Given information →
--- START ---

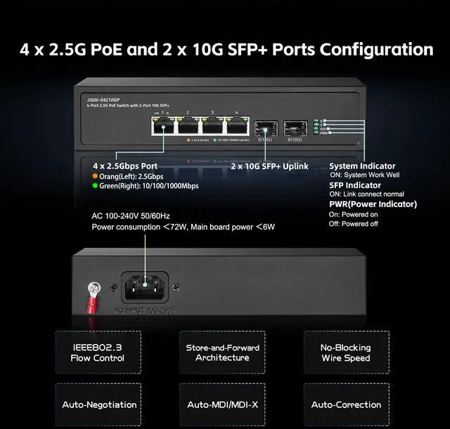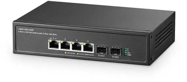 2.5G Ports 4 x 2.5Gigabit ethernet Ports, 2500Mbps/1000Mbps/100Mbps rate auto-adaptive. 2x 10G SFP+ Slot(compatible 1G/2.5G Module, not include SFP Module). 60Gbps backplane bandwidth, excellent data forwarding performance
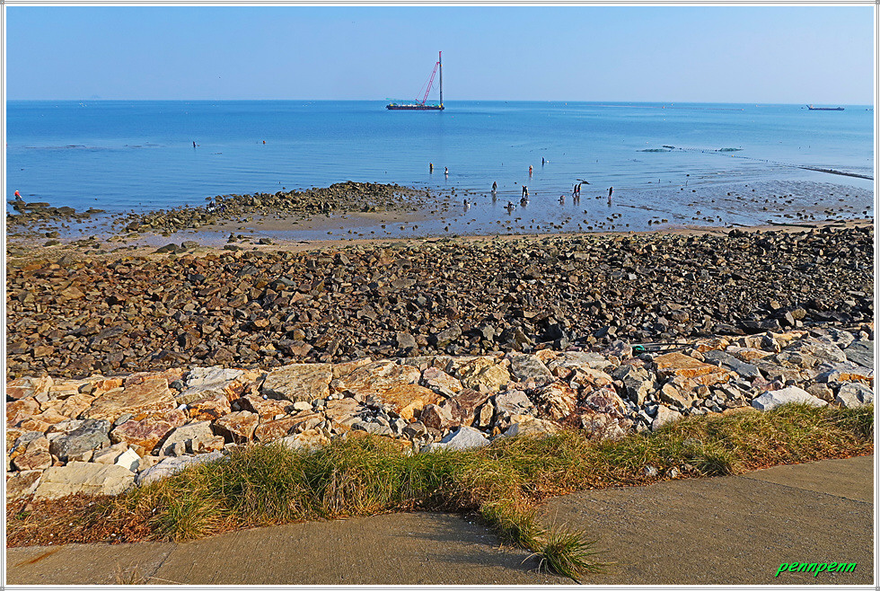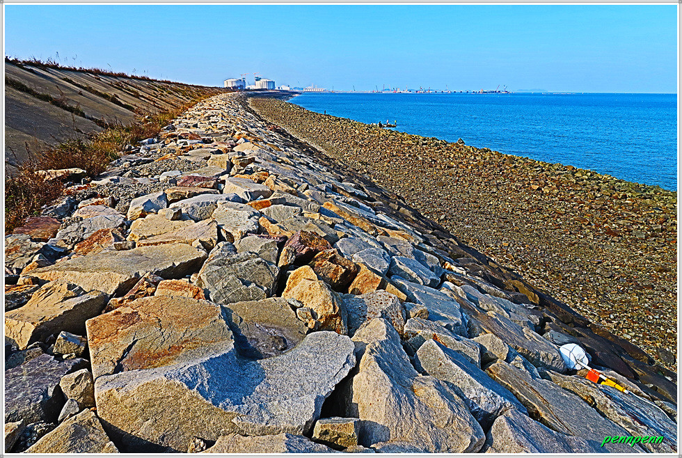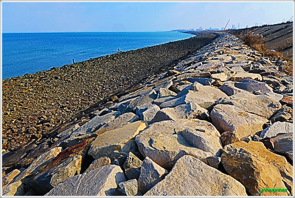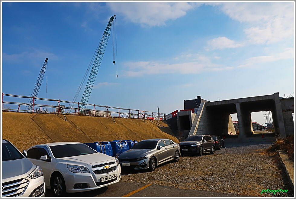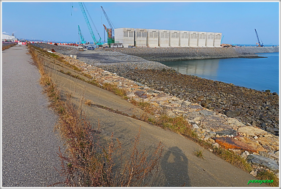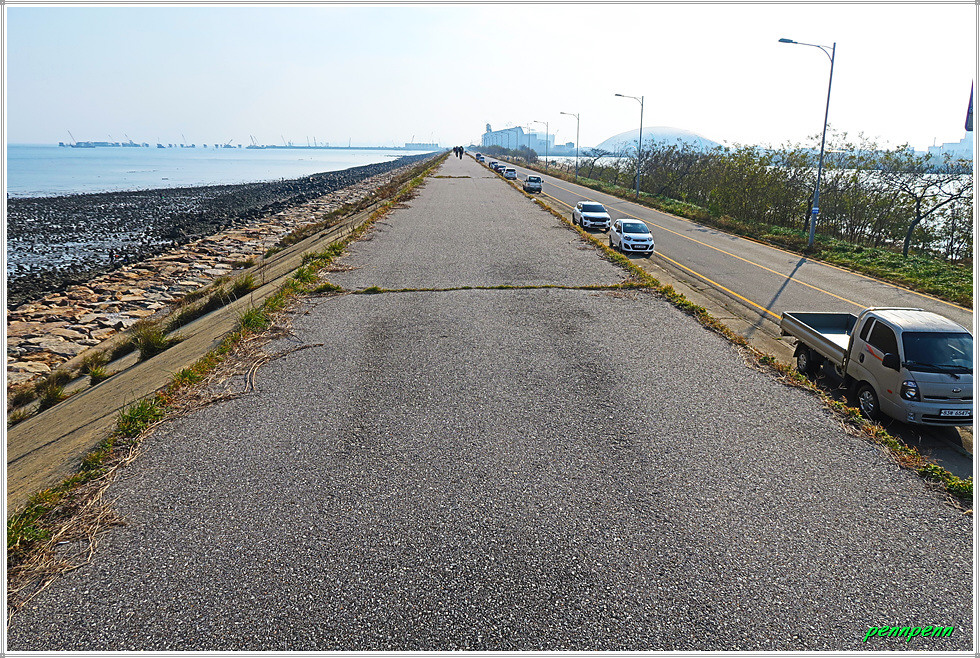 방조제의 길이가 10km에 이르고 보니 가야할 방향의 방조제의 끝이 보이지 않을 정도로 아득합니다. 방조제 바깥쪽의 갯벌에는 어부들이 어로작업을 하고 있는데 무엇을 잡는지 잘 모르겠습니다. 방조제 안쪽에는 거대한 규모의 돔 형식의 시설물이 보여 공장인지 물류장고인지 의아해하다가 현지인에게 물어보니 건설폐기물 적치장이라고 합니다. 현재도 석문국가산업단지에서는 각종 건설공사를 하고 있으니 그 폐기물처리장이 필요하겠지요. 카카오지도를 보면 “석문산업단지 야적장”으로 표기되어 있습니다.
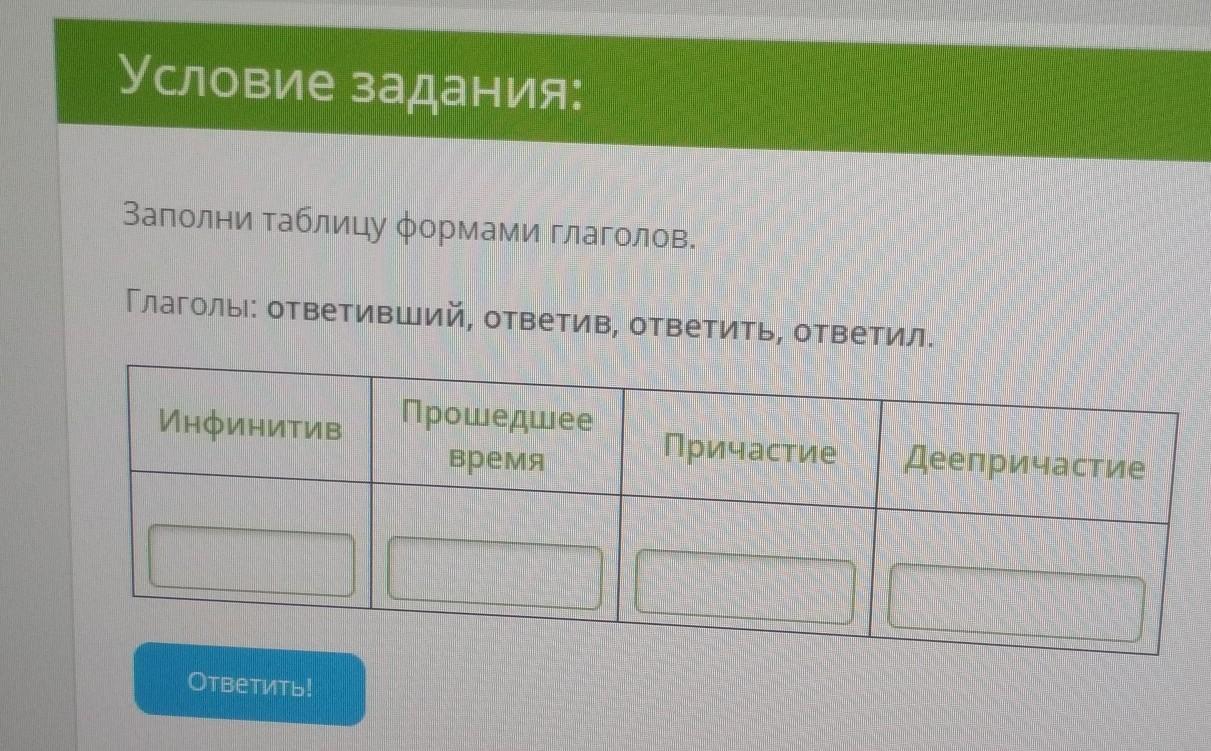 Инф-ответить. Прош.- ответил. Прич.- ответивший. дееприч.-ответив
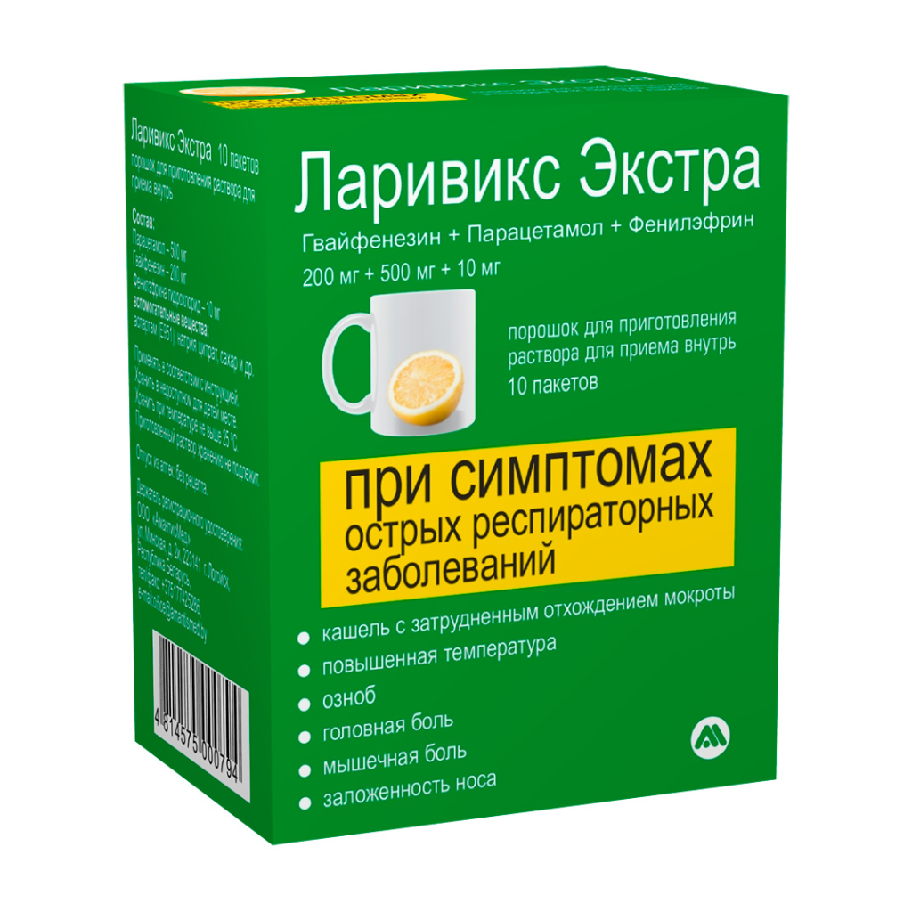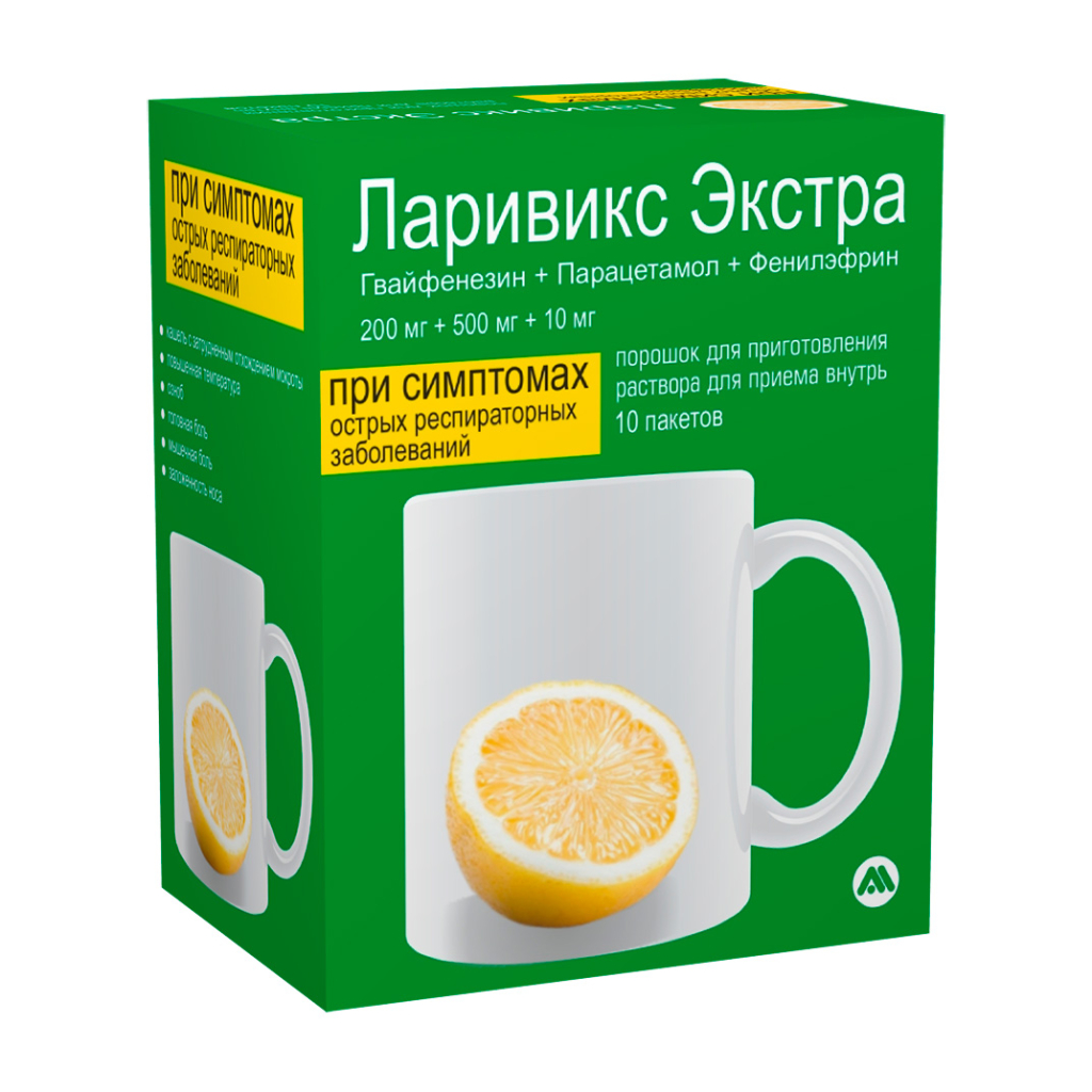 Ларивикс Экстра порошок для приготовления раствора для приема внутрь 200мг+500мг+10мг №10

--- END ---

Every line of the listing above is to be retyped exactly, but the pictures are to be dropped.

Output for this exercise →
 2.5G Ports 4 x 2.5Gigabit ethernet Ports, 2500Mbps/1000Mbps/100Mbps rate auto-adaptive. 2x 10G SFP+ Slot(compatible 1G/2.5G Module, not include SFP Module). 60Gbps backplane bandwidth, excellent data forwarding performance
 방조제의 길이가 10km에 이르고 보니 가야할 방향의 방조제의 끝이 보이지 않을 정도로 아득합니다. 방조제 바깥쪽의 갯벌에는 어부들이 어로작업을 하고 있는데 무엇을 잡는지 잘 모르겠습니다. 방조제 안쪽에는 거대한 규모의 돔 형식의 시설물이 보여 공장인지 물류장고인지 의아해하다가 현지인에게 물어보니 건설폐기물 적치장이라고 합니다. 현재도 석문국가산업단지에서는 각종 건설공사를 하고 있으니 그 폐기물처리장이 필요하겠지요. 카카오지도를 보면 “석문산업단지 야적장”으로 표기되어 있습니다.
 Инф-ответить. Прош.- ответил. Прич.- ответивший. дееприч.-ответив
 Ларивикс Экстра порошок для приготовления раствора для приема внутрь 200мг+500мг+10мг №10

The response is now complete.